- Extracted information:
····················
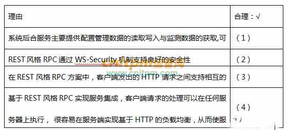 系统实现相应的配置管理与监控功能时,需要集成云平台侧提供的大量服务以实现配置数据的读取写入与不同视图监测数据的获取。项目组在确定服务集成方案时,对比了REST风格RPC与SOAPRPC两种方案,经过分析讨论,项目组最终决定采用REST风格RPC机制实现服务集成,请判断表5-2中给出的选择REST方案的理由是否合理。
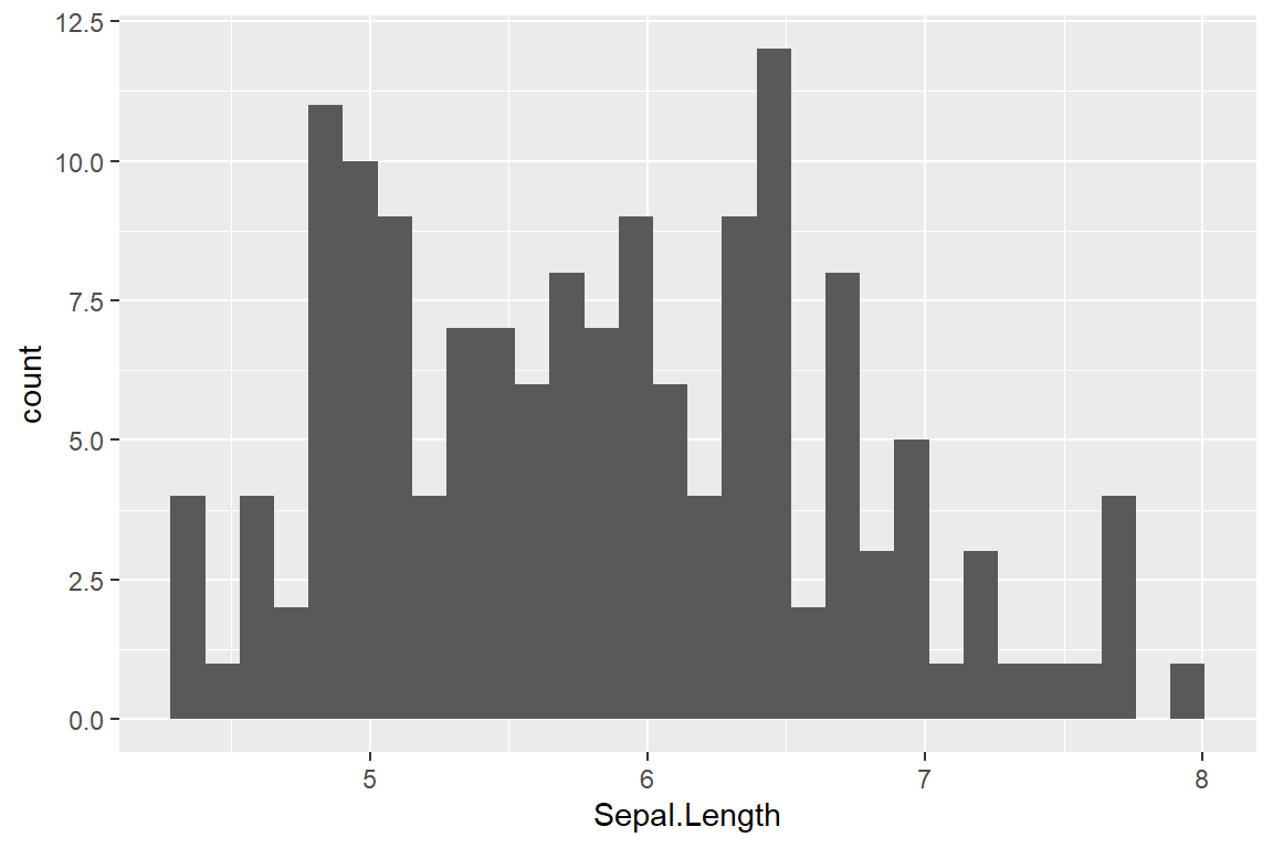 ggplot(iris) + geom_histogram(aes(Sepal.Length))
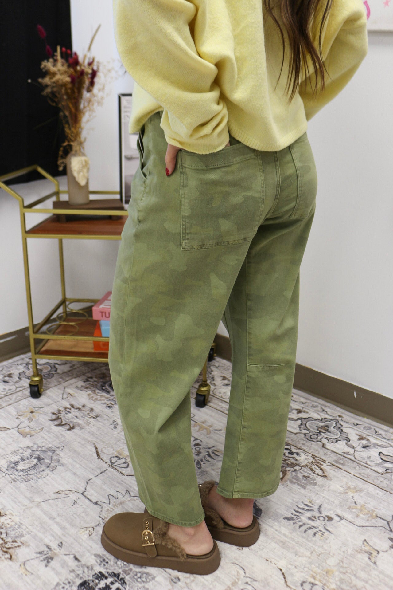 These high-rise barrel jeans deliver that perfect vintage-inspired silhouette with a modern twist. Crafted from a breathable cotton-blend fabric with just enough stretch, they hug your curves in all the right places while keeping you comfortable all day long. The clean hem hits right at the ankle for an effortlessly chic look that pairs with everything from sneakers to boots. A playful camo print adds personality to your everyday rotation—because why blend in when you can stand out?
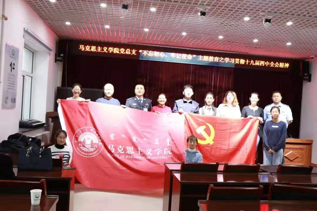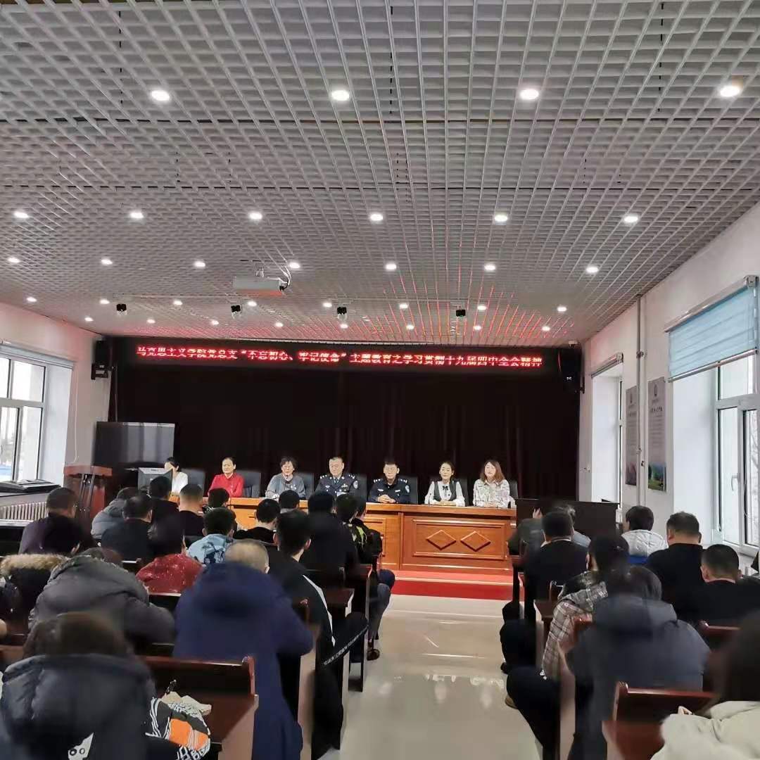 2019年11月22日下午,awc777万象城娱乐官网党总支书记刘凤琴、副书记刘琳、教师李琳颖、张舒、吴娇、李昱以及优秀学生代表赴鄂温克自治旗巴彦托海司法所进行“学习贯彻十九届四中全会精神”理论宣讲。司法所组织辖区保释人员、矫正人员等40余人以及司法所全体工作人员参加宣讲活动。主讲教师李琳颖。
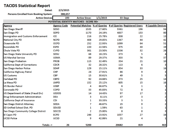 As of February 2015, 26 local, state and federal agencies in the San Diego County region are participating in the TACIDS program. Together, the agencies have a total 463 facial-recognition devices, although only 193 devices were listed as “active.”
····················
- Assignment: For this exercise, set down the lines in the entries above from the one with "ggplot(iris) + geom_histogram(aes(Sepal.Length))" through the one with "These high-rise barrel" exactly as written, without any pictures.

- Result for this task:
 ggplot(iris) + geom_histogram(aes(Sepal.Length))
 These high-rise barrel jeans deliver that perfect vintage-inspired silhouette with a modern twist. Crafted from a breathable cotton-blend fabric with just enough stretch, they hug your curves in all the right places while keeping you comfortable all day long. The clean hem hits right at the ankle for an effortlessly chic look that pairs with everything from sneakers to boots. A playful camo print adds personality to your everyday rotation—because why blend in when you can stand out?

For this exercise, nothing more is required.